Audit trailing

An audit trail (also called audit log) is a security-relevant chronological set of records that provide documentary evidence of the sequence of activities that have affected at any time a specific operation, procedure or event. In PMA.core audit trailing is implemented as part of 21 CFR.11

A background article on audit trailing can be found on our blog.

PMA.core implements audit trailing as a middleware between the application and the connection to the SQL server database.
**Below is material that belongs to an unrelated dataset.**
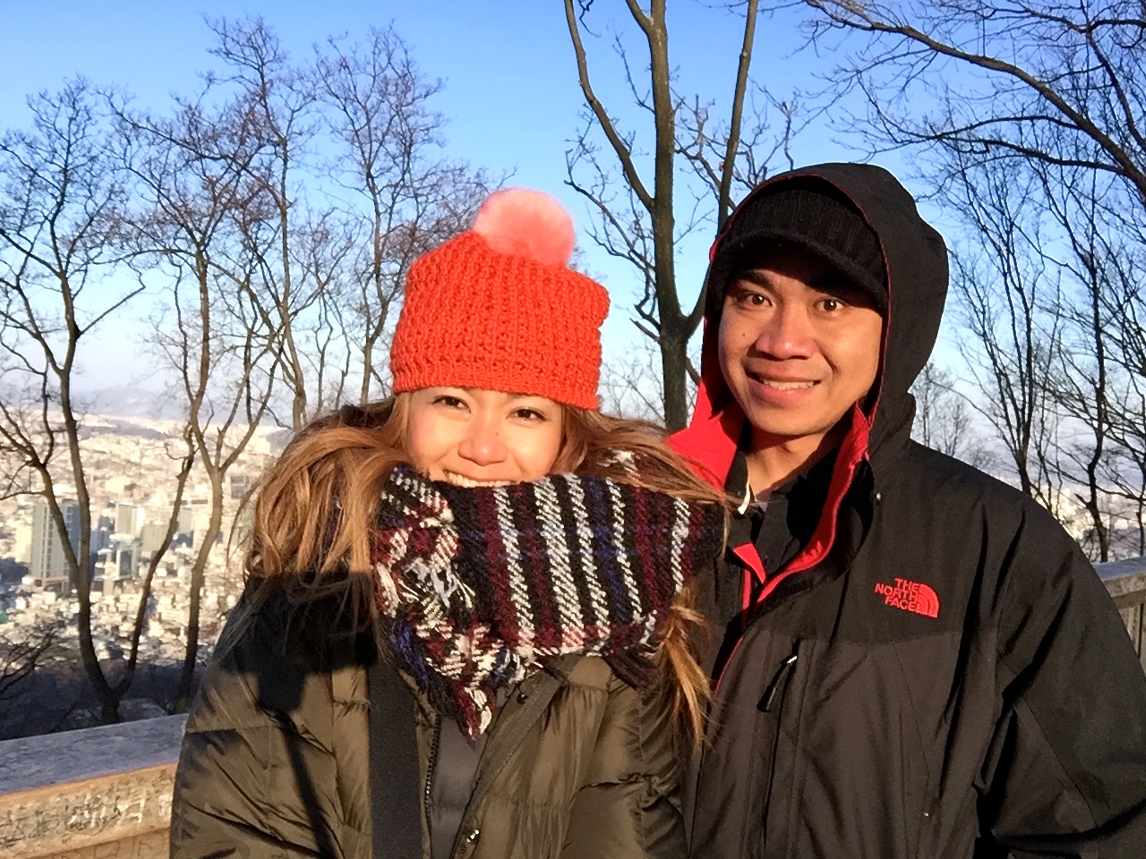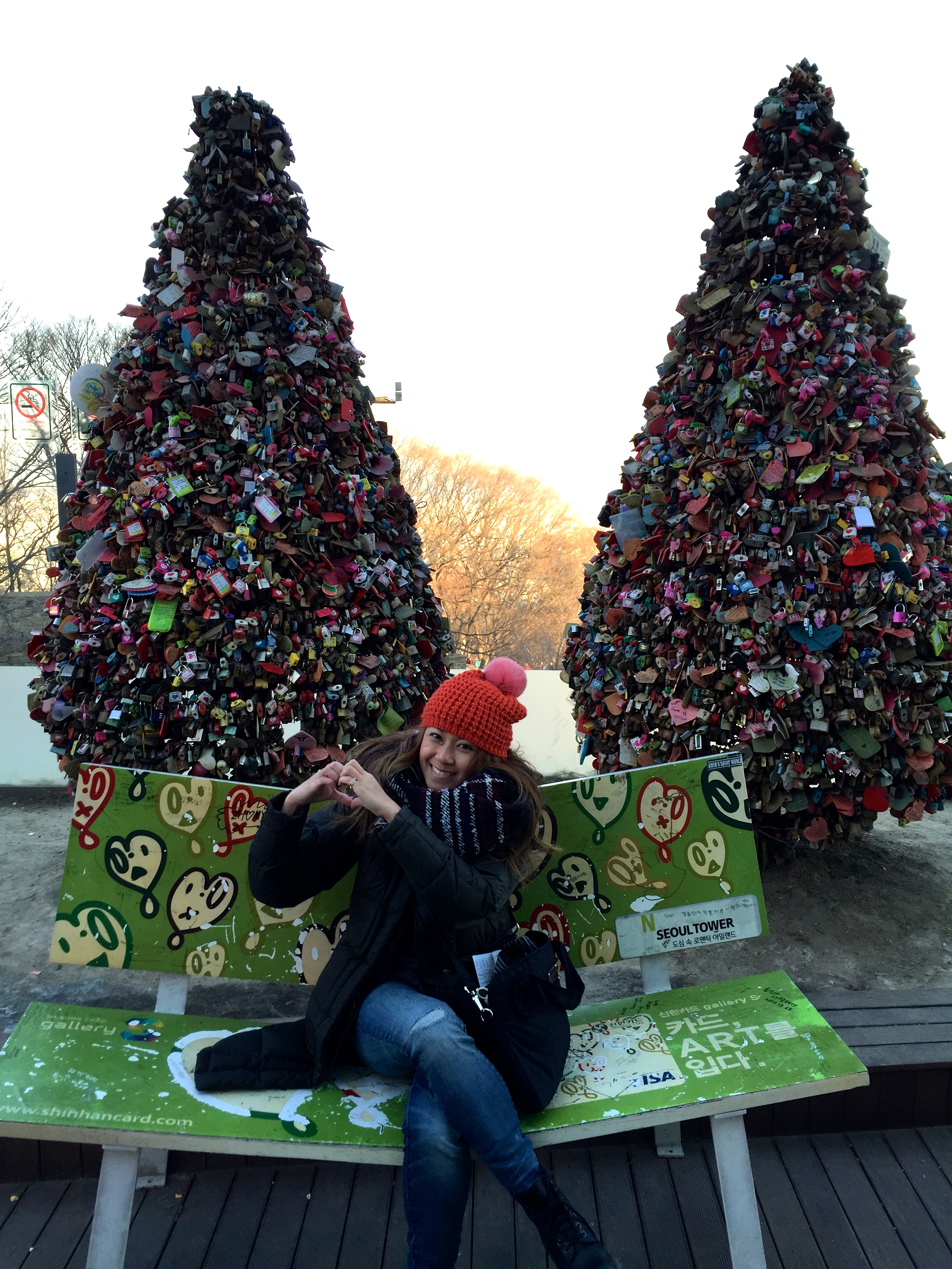 From the bus stop here, it was a short walk uphill towards the actual N Seoul Tower area. At first, I thought it was a fairly easy walk but it’s totally not. When we reach the top, we were both catching our breath plus it was sooo cold – hence our Rudolph noses!

This middleware captures all requests from the application to the database and, depending on the operation, creates records on a sub-schema of the database with all the required information to recreate them.

The sub-schema of the audit trail database can be seen in the table diagram bellow

• EntityTypes: All types known to audit trail i.e Root Directory, User, Form, FormData
• Entities: All specific entities that are available in PMA.core i.e. a specific Root Directory, specific user etc.
• EntityModificationEvents: This is the main table of audit trail that contains information about an entity that has changed on the PMA.core database. This contains the header information about the change.
• EntityModificationDetails: The detailed fields that was changed. This describes in detail a specific change in the EntityModificationEvents table with an one to many relationship(master/detail)

The EntityModificationEvents table in detail contains the following columns

• ActionType: The type of action this record represents, one of Create/Delete/Update
• UserLogin: The user that performed this action
• CreatedOn: The date and time the operation occured in the database
• EntityId: A foreign key to the Entities table for which the operation occured

The EntityModificationDetails is connected to the EntityModificationEvents and contains the following columns:

• EventId: A foreign key to the EntityModificationEvents that this record describes in detail
• FieldName: The name of the database field that was changed. This is a field of the entity that was changed
• OldValue: The value before the change. This is null for Create operations
• NewValue: The value after the change. This is null for Delete operations

The easiest way to consult the audit trail is via PMA.core's pre-defined audit trail views for the main entities of Root Directories and Users:

• Root directories
• Users

For more advanced use cases you can execute SQL Queries in the sub-schema of PMA.core database which was described in the previous paragraph.

Keeping an Audit trail of all changes happening in a live production PMA.core server can be quite space consuming. You can always check all storage requirements of PMA.core in the Diagnostics -> Installation Checks -> Storage Checks page In that page you can check the total size of SQL database including the audit trail but also check other storages used such as the tile cache directory and the cloud cache

If the usage of Audit trail storage is getting large you can always backup the tables EntityModificationEvents and the EntityModificationEvents and safely delete all rows from these tables.